Home


“You never climb the same mountain twice, not even in memory. Memory rebuilds the mountain, changes the weather, retells the jokes, remakes all the moves.”

Lito Tejada-Flores


Introduction

The purpose of this document is to get a massively simplified and hyper-tailored version of X-shift working in R, mainly to show how it works, and how might one go about writing something similar in R. In my opinion, the algorithm is underexplored, especially with respect to newer high dimensional data types that are emerging since the publication of this paper.
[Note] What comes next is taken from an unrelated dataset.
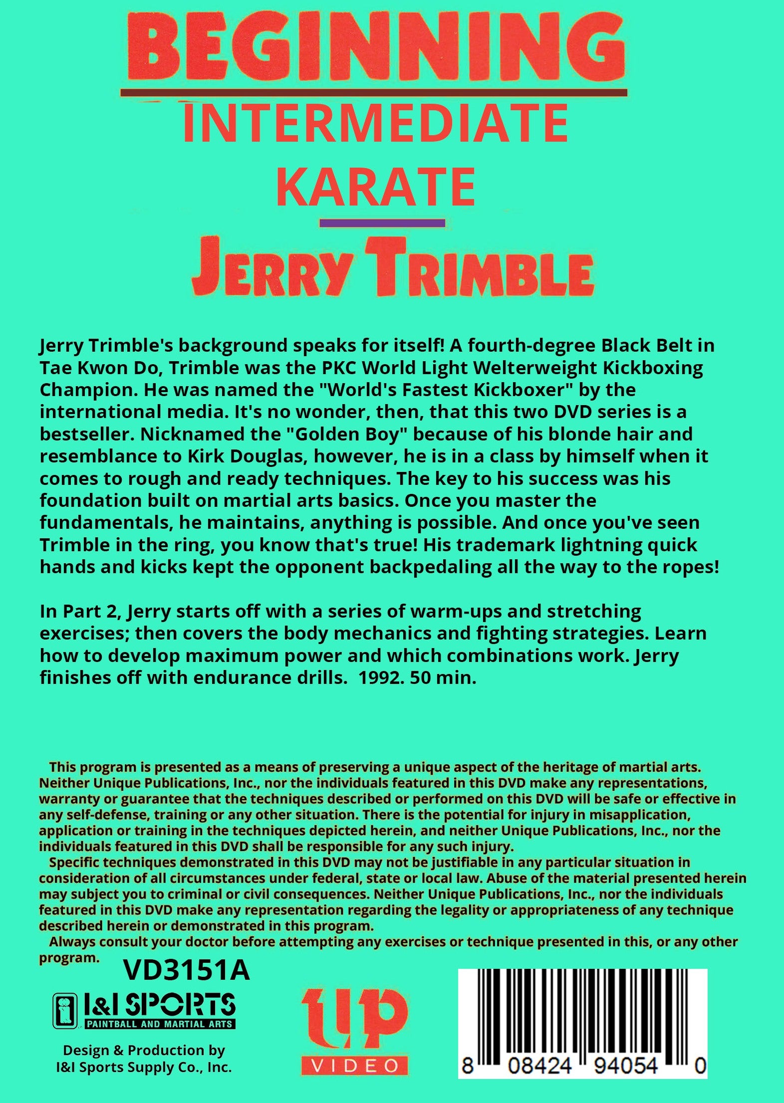 In Part 2, Jerry starts off with a series of warm-ups and stretching exercises; then covers the body mechanics and fighting strategies. Learn how to develop maximum power and which combinations work. Jerry finishes off with endurance drills. 1992. 50 min.

X-shift is a clustering algorithm developed by Nikolay Samusik when he was doing his postdoc in the Nolan Lab. It is based off of mean-shift, which you can think of as assigning clusters by determining which density “peak” a given cell belongs to, if you “climb the hill” from where the cell is.

Why does X-shift matter? Because in a landmark benchmarking study by Weber and Robinson in 2016, X-shift was found to be the best clustering algorithm for identifying rare cell subsets. Thus, if that is one of your goals at any point, then you should absolutely know how to use X-shift.

For various reasons, X-shift was written in Java. Some of this was because the algorithm is computationally expensive, and Dr. Samusik needed full control over the computer (that he also built by hand) to, among other things, make sure each core was doing the right thing at the right time.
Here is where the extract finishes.